• [Provided information]
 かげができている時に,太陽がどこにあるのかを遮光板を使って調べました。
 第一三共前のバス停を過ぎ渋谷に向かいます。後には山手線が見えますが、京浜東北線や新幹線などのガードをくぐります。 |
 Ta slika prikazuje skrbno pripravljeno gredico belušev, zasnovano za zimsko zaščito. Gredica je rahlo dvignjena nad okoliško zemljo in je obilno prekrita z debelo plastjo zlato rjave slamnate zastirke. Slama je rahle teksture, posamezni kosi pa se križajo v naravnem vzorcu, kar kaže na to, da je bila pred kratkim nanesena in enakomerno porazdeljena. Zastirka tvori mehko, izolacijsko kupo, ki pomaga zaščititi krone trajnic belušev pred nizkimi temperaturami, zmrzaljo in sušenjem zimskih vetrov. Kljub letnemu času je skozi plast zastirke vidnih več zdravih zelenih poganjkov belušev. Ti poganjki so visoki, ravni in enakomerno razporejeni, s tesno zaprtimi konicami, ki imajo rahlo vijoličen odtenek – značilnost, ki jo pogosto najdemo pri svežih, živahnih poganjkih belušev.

==

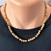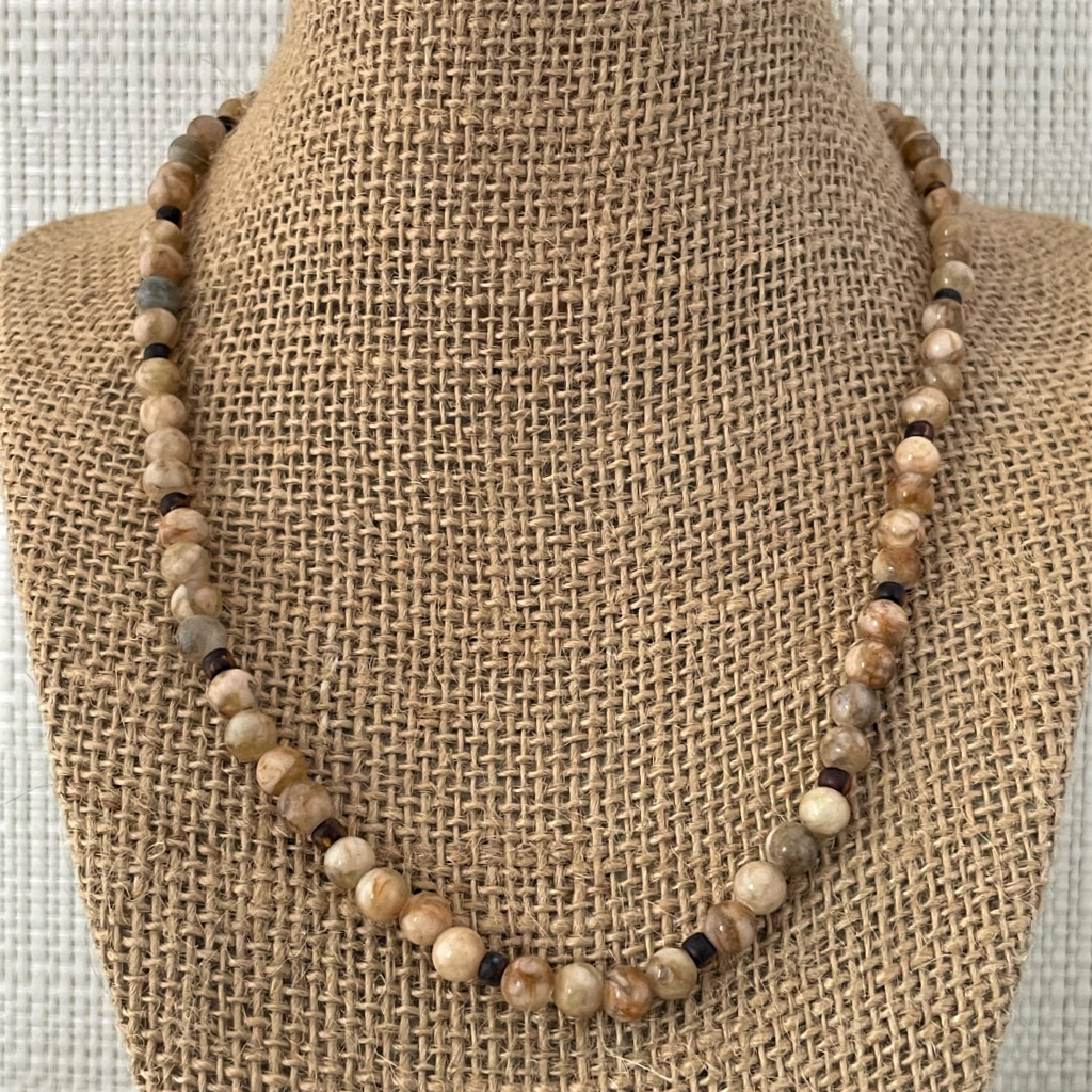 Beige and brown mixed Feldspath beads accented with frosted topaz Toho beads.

• [What is needed] Starting at the line above that holds "第一三共前のバス停を過ぎ渋谷" and ending at the line that holds "Ta slika prikazuje", transcribe each line exactly and include no other lines.

• [Solution for this problem]
 第一三共前のバス停を過ぎ渋谷に向かいます。後には山手線が見えますが、京浜東北線や新幹線などのガードをくぐります。 |
 Ta slika prikazuje skrbno pripravljeno gredico belušev, zasnovano za zimsko zaščito. Gredica je rahlo dvignjena nad okoliško zemljo in je obilno prekrita z debelo plastjo zlato rjave slamnate zastirke. Slama je rahle teksture, posamezni kosi pa se križajo v naravnem vzorcu, kar kaže na to, da je bila pred kratkim nanesena in enakomerno porazdeljena. Zastirka tvori mehko, izolacijsko kupo, ki pomaga zaščititi krone trajnic belušev pred nizkimi temperaturami, zmrzaljo in sušenjem zimskih vetrov. Kljub letnemu času je skozi plast zastirke vidnih več zdravih zelenih poganjkov belušev. Ti poganjki so visoki, ravni in enakomerno razporejeni, s tesno zaprtimi konicami, ki imajo rahlo vijoličen odtenek – značilnost, ki jo pogosto najdemo pri svežih, živahnih poganjkih belušev.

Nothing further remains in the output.